(Stored data entries)
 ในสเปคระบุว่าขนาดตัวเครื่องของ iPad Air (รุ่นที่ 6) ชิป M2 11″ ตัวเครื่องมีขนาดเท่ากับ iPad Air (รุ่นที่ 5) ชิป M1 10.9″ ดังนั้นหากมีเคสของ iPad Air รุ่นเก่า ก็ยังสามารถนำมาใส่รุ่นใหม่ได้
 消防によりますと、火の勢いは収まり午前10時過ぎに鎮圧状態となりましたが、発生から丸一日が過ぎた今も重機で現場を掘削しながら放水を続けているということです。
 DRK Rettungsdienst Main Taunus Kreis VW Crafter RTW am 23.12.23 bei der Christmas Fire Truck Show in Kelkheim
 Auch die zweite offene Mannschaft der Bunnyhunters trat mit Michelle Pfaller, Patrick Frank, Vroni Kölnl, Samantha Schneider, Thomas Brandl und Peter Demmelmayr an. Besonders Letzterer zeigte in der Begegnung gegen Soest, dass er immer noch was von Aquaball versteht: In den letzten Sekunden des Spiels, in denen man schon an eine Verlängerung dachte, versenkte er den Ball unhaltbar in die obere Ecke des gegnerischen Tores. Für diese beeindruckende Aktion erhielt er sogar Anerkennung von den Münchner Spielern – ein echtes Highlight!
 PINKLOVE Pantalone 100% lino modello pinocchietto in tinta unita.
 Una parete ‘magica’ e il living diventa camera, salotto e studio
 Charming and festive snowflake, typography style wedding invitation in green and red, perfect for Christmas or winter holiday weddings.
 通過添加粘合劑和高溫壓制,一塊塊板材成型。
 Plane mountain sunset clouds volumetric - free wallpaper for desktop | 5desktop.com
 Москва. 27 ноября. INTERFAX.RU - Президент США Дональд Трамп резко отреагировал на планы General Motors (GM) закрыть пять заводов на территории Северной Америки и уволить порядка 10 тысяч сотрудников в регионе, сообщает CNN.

> **The task**:
From the entries above, write out only the lines starting at the line that holds "Charming and festive" and ending at the line that holds "Plane mountain sunset", keeping both and matching them exactly.

> **Task result**:
 Charming and festive snowflake, typography style wedding invitation in green and red, perfect for Christmas or winter holiday weddings.
 通過添加粘合劑和高溫壓制,一塊塊板材成型。
 Plane mountain sunset clouds volumetric - free wallpaper for desktop | 5desktop.com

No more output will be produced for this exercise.